Top A-level grades have increased for the first time in six years, as teenagers in England, Wales and Northern Ireland get their results.
A* and A grades were awarded to 26.3% of entries – up by 0.5 percentage points compared with last year – with boys overtaking girls in top grades.
There was a fall in the top grades for 13 subjects in England with new content and now only assessed by final exams.
The number of university places allocated so far has dropped this year.
In A* and A grades, boys have moved ahead of girls, with 26.6% of boys getting these results compared with 26.1% of girls, reversing a 0.3% gap last year.
The Ucas admissions body says that 416,000 university places have so far been confirmed – down 2% on the same point last year.
This is expected to mean a “buyer’s market”, with more options available to those looking for university places.
University applications from the UK and European Union countries have fallen compared with last year and there is a demographic dip in the number of 18 year olds.

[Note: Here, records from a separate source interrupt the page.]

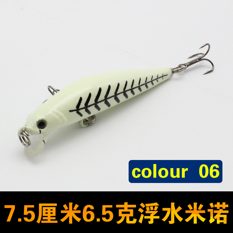 夜光7.5cm/6.5g浮水米諾路亞餌假餌鱸魚/翹嘴/海鱸黑魚海釣淡水用1入
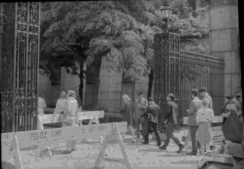 Columbia University 1968. Guard checking IDs at main gate, 116th Street and Broadway.
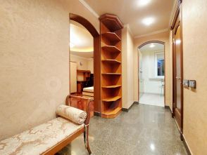 В прихожей встроенный, полноценный шкаф для одежды, зеркало+ обувница, банкетка.
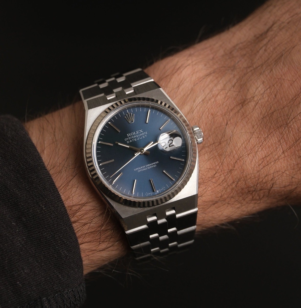 Ik heb een mooie Tudor Prince Date-Day (referentie 76214) met wit/zilveren “linnen dial”. Ben al een tijdje in the market voor een toevoeging met blauwe dial, en hoopte eigenlijk dat Rolex de “oude” blauw weer zou introduceren voor de OP (zeg maar de “2024 kleur”, donkerblauw met sunburst). Helaas niet gebeurd. Ik vind het huidige matte blauw wel mooi, maar meer een mode-kleur dan tijdloos.
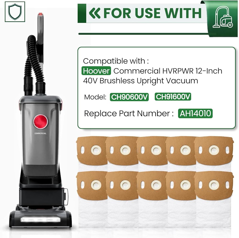✅ توافق مثالي: تم تصميم أكياس الغبار هذه خصيصًا لمجموعة المكنسة الكهربائية العمودية بدون فرشاة HVRPWR مقاس 12 بوصة 40 فولت من Hoover CH90600V وCH91600V، تحل محل جزء أكياس المكنسة الكهربائية Hoover رقم AH14010
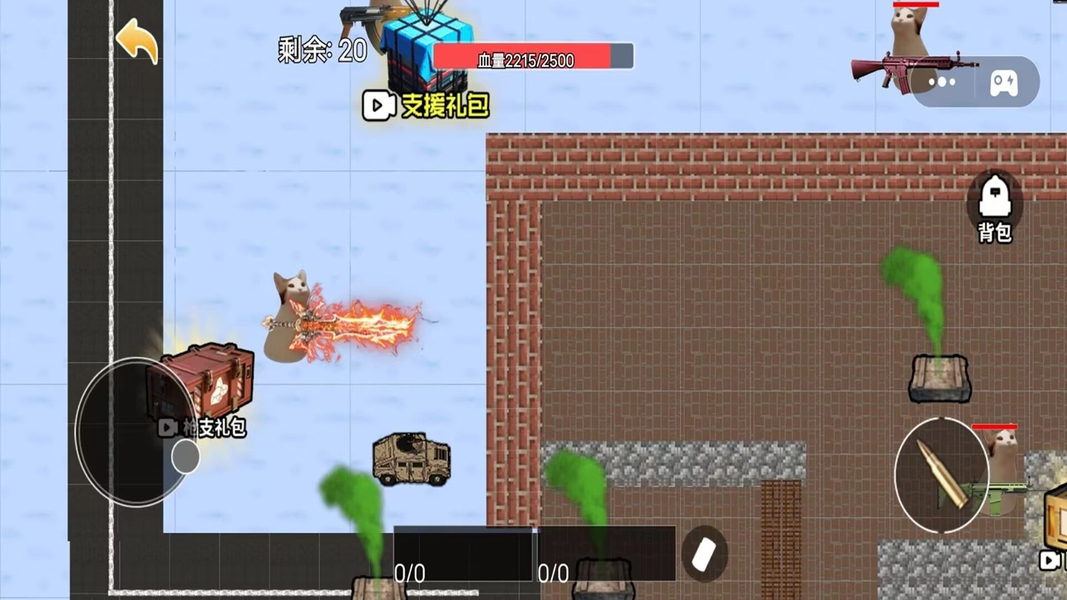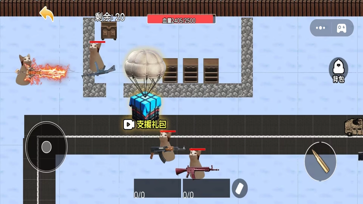 操控猫咪角色进行移动、瞄准与射击,借助各类武器的特性,战胜敌人,突破生存的极限。
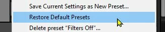 "Where is this drop down menu to access "Restore Default Presets"?-"
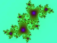 - Escape-time fractals – use a formula or recurrence relation at each point in a space (such as the complex plane); usually quasi-self-similar; also known as "orbit" fractals; e.g., the Mandelbrot set, Julia set, Burning Ship fractal, Nova fractal and Lyapunov fractal. The 2d vector fields that are generated by one or two iterations of escape-time formulae also give rise to a fractal form when points (or pixel data) are passed through this field repeatedly.
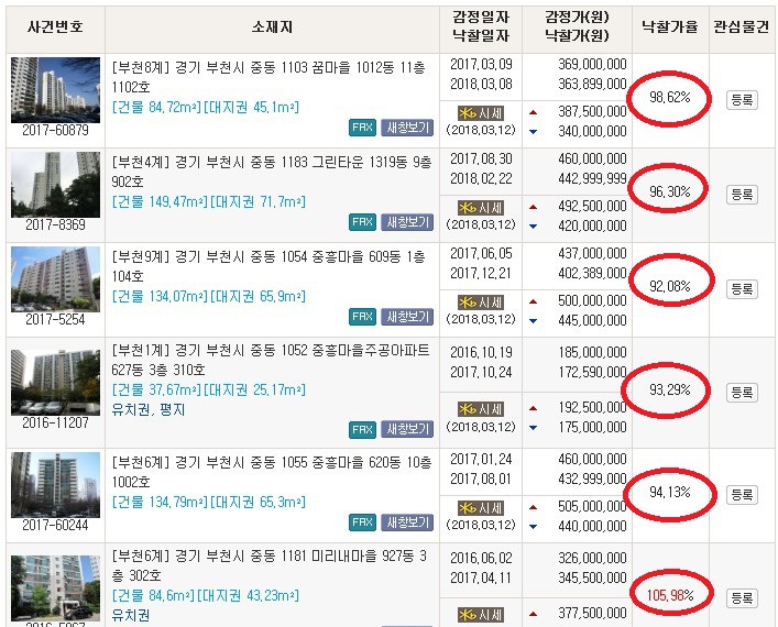 입찰가 산정시 기존의 낙찰사례를 검토합니다
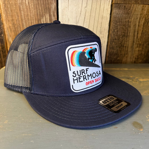 Hermosa Beach SURF HERMOSA :: OPEN DAILY 7 Panel Mid Profile Trucker Snapback Hat - Navy
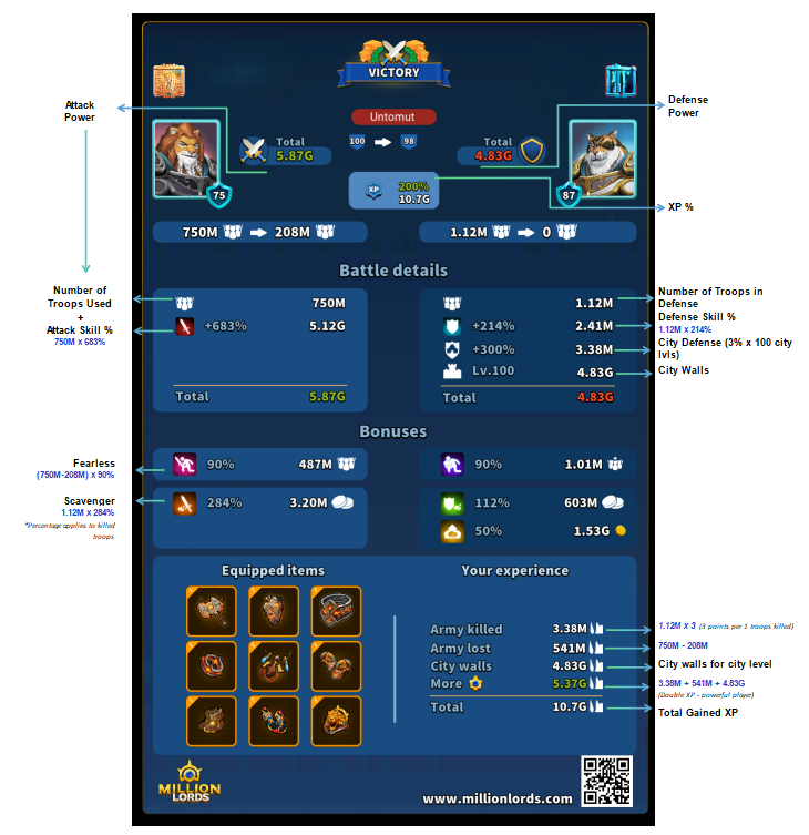 When opening a detailed battle report, you will notice details on the battle report which willoffer you essential information of the battle result and opponent's stats and troops.
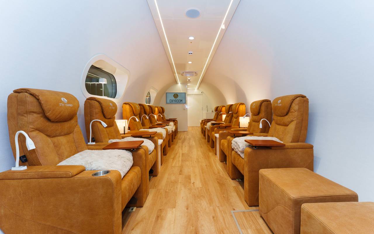 Der neue Oxyroom verspricht eine Luft wie nie zuvor: 100 % mehr Sauerstoff, 10.000-mal mehr Wasserstoff, 50-mal mehr Kohlendioxid und 1,5-facher Umgebungsdruck. Und was soll das Ergebnis sein? Maximale Unterstützung für deine Energie, Regeneration und mentale Klarheit – ganz ohne Maske, einfach entspannen und auftanken wie in einem Luxus-Flieger. Deine Zellen sollen mit jedem Atemzug neue Kraft gewinnen und du sollst dich vitaler, entspannter und leistungsfähiger fühlen. Entdecke, wie einfach Erholung heute sein kann.

Many universities, including in the prestigious Russell Group, will still have places on offer through the clearing system, which matches people looking for places with vacancies on courses.

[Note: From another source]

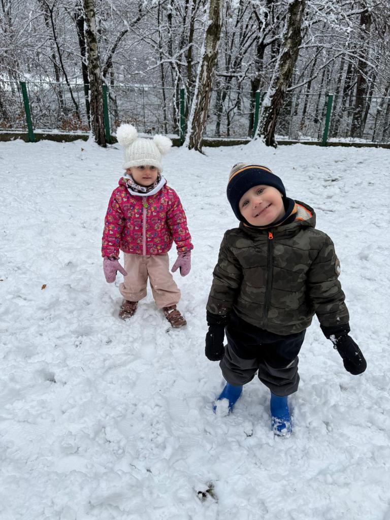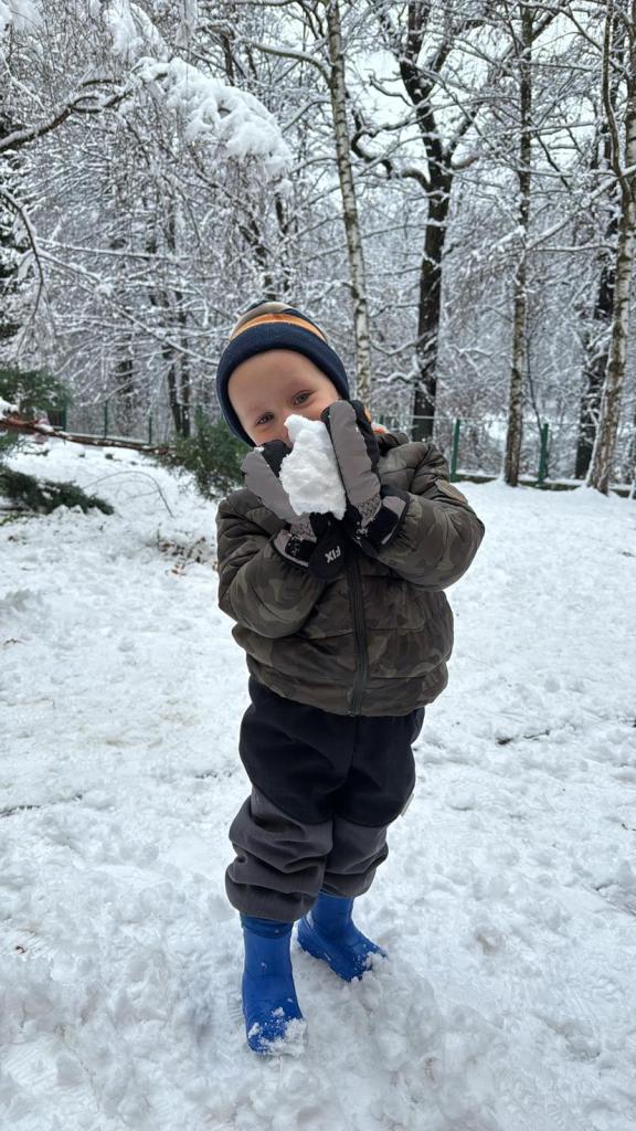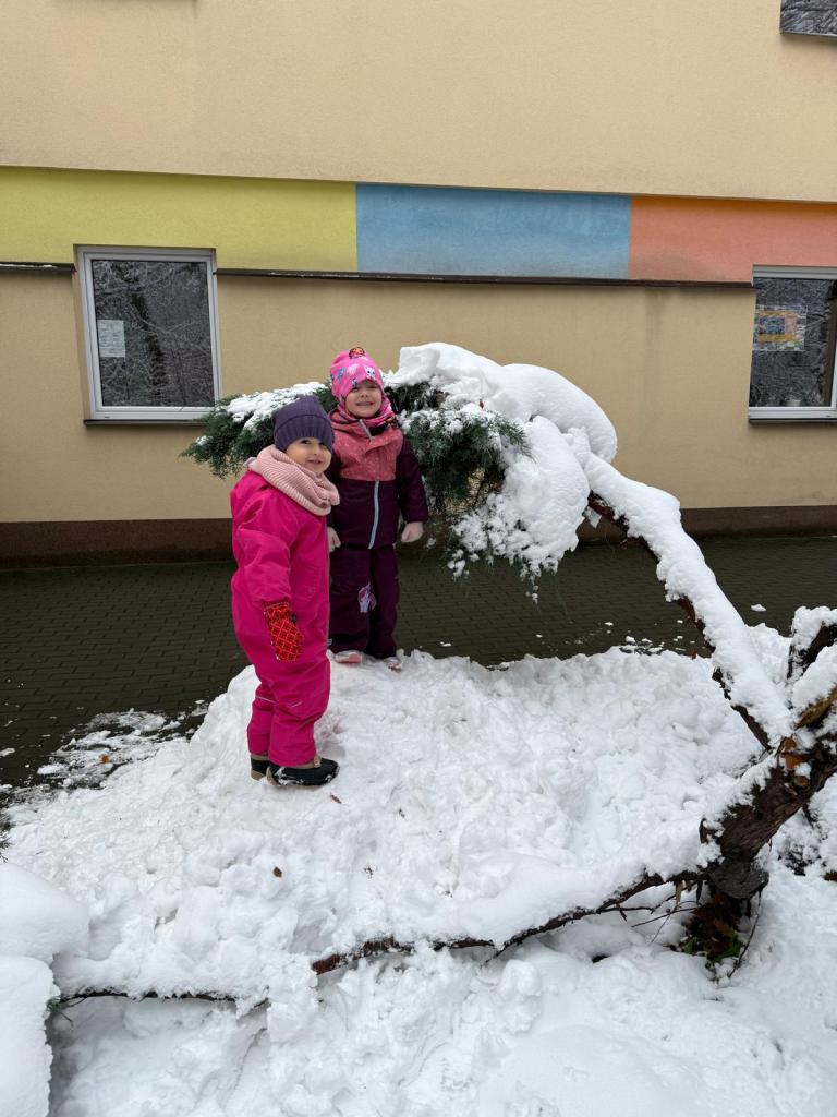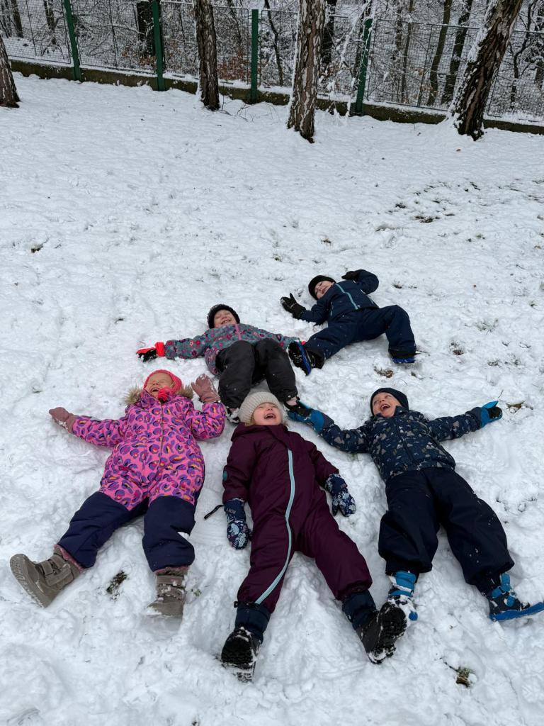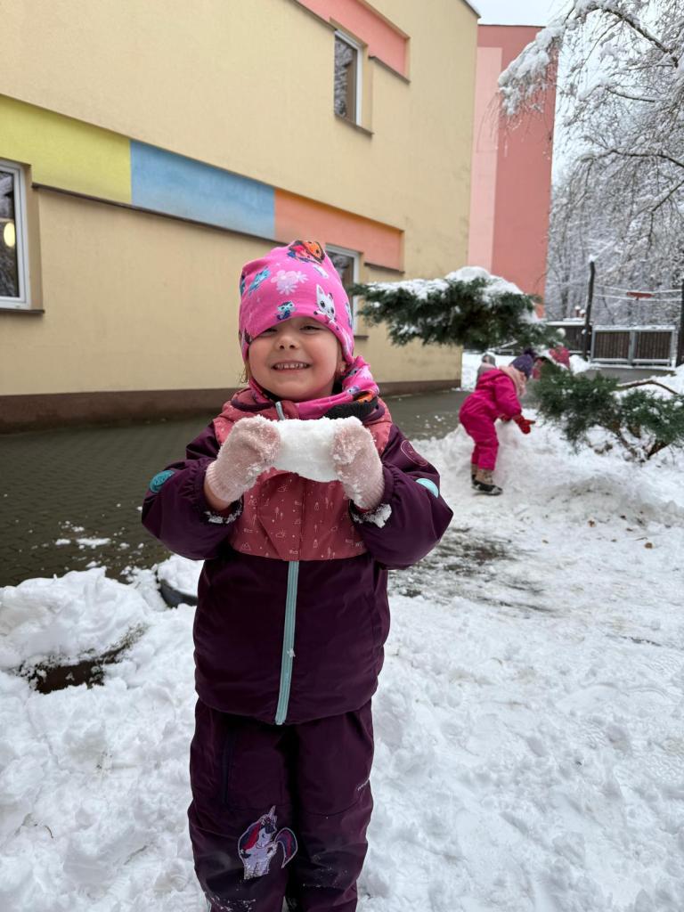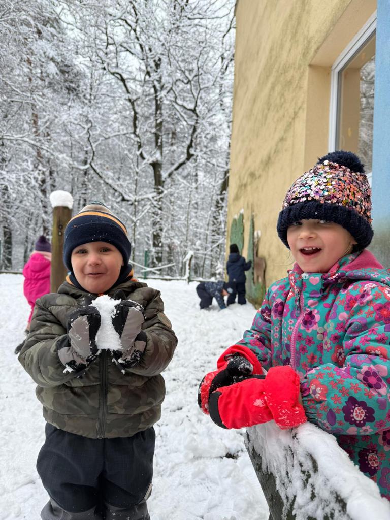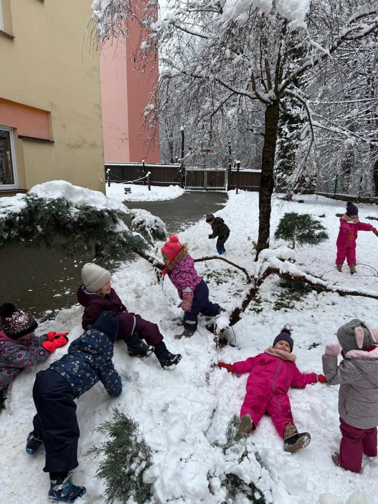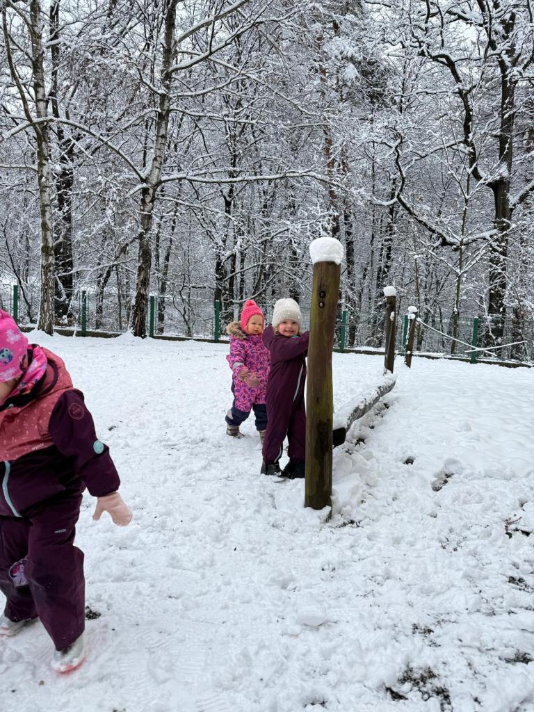Když napadl sníh, vyrazili jsme na zahradu, kde děti objevovaly zimní hrátky – stavěly malé sněhuláky, tvořily stopy ve sněhu, kutálely koule a užívaly si společný čas venku. Smích, červené tváře a radost z pohybu byly tou nejlepší odměnou!

Pupils at a secondary school close to the Grenfell Tower fire in London received their AS-level results.
Four pupils from Kensington Aldridge academy died in the fire and 50 were made homeless.
But in this year’s results, more than 40% of the pupils achieved A to B grades.

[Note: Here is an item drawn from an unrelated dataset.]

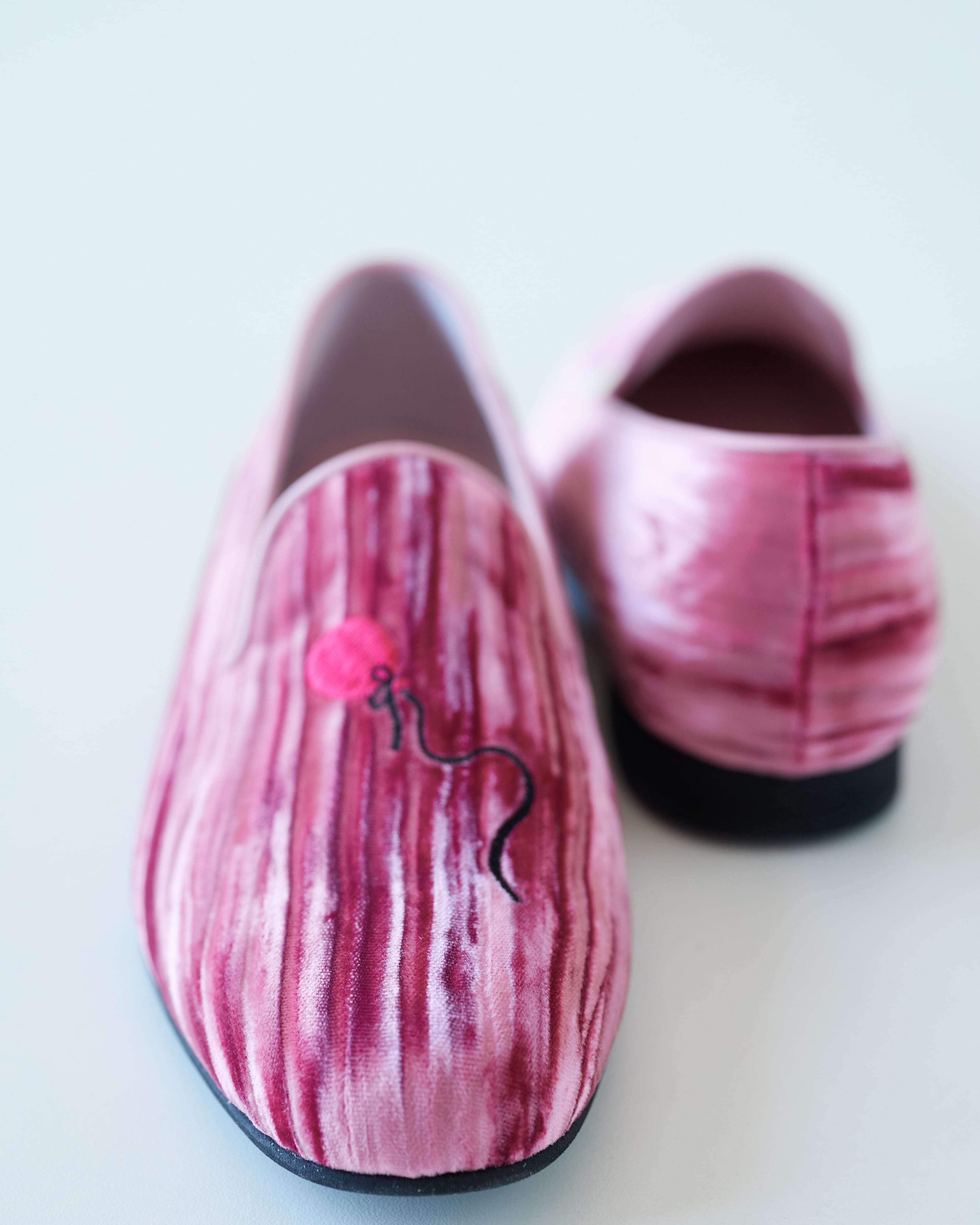 Роскошные слиперы для дома и улицы из благородного французского бархата украшены художественной вышивкой в рамках коллаборации с театральным художником Сергеем Кретенчуком. Каждая пара погружает в философский мир любимых с детства мультфильмов, сочетая искусство с повседневным комфортом. Удобная колодка и мягкая подошва делают эти слиперы идеальными для любого времени дня.

Head teacher David Benson said: “The pupils have been incredible.”
Changes to the qualifications system in England mean 13 A-level subjects this year have been decided solely by final exams, with no link to coursework or AS-levels taken after the first year of study.
The overall results remain broadly similar to last year, with over a quarter of entries receiving top grades. The proportion of the highest A* grades has nudged up by 0.2% to 8.3%. The overall A* to E pass rate is marginally down at 97.9%.
But in those new-style A-level subjects, including history, English, psychology, physics, chemistry and biology, there were 0.7% fewer A* and A grades overall. Some 24.3% of entries attained the top grades in these subjects.
Exam boards said the fall in results reflected a lower-achieving group of candidates, rather than the exams being made “more challenging”.
In previous years, when more candidates sat AS levels as the first stage of the exam, some poorer performing pupils would have been “weeded out”, said Mark Bedlow, director of regulation at exam board OCR.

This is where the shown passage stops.